To reduce the effect of impurities in a DNA sample on a conventional MLPA or digitalMLPA reaction, you can use less sample DNA or perform an extra DNA purification step.
Impurities in extracted DNA can affect all or some (digital)MLPA probes in a probemix, which can lead to unexpected results. This is mainly a problem when impurities are present in high concentrations, or when the concentrations of impurities differ between samples within an experiment.
If your sample DNA is sufficiently concentrated, you can reduce the amount of sample DNA that you add to the reaction to a minimum of 50 ng DNA for conventional MLPA reactions or 20 ng for digitalMLPA reactions. This reduces the concentration of impurities carried over from the DNA sample into the reaction, which often helps improve results.
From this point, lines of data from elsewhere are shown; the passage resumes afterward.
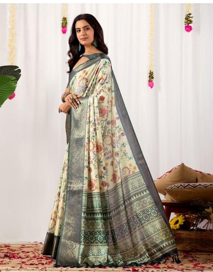 Generic Women's Faux_Silk Printed Saree With Unstitched Blouse 5.5Mtr (Off_White)
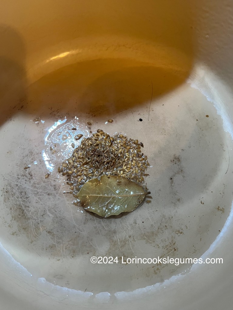 Heat oil in a heavy-bottomed pot. When oil shimmers, add cumin seeds and bay leaf. Fry until cumin sputters, 15-30 seconds. Add the onion and sauté until golden, 8 minutes or so.
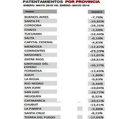 del 12,7 por ciento. Entre enero y mayo de 2015 se vendieron en la Argentina
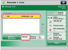 Selezionare la destinazione dal gruppo → premere [Dettagli].
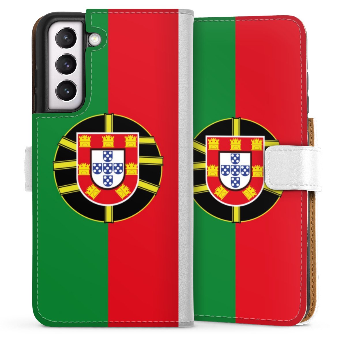 For our Sideflip Case we are using our advanced direct printing technology. The back and frontside are fully printabale, the inside of the phone bag is left unprinted. You can order the phone case without print, printed completely or also with a partial print.
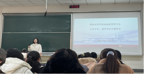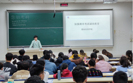 为响应学校学院考风考纪教育动员会活动,增强学生对诚信考试的重视,进一步加强同学们的考风考纪,构建安全诚信校园,保证期末考试的顺利进行,倡导同学们“端正考风、严肃考纪、文明答题、诚信应考”。国际经贸学院开展了系列诚信教育主题班会。

|Methods to determine DNA concentrations may over- or underestimate the concentration. To ensure that you used enough DNA for reliable results, evaluate the control fragments included in the probemix. For conventional MLPA, the median peak height of the four Q-fragments at 64, 70, 76 and 82 nt should stay below 33% of the height of the 92-nt benchmark fragment, unless noted otherwise in the product description. Coffalyser.Net will provide a warning when too little DNA was used. Coffalyser digitalMLPA will also provide a warning when too little DNA was used in a digitalMLPA experiment.|
If using less DNA is not an option, or does not improve results, you can perform an extra DNA purification step. Examples of methods that you can use include ethanol precipitation or silica-based columns.
The information provided in this material is correct for the majority of our products. However, for certain applications, the instructions for use may differ. In the event of conflicting information, the relevant instructions for use take precedence.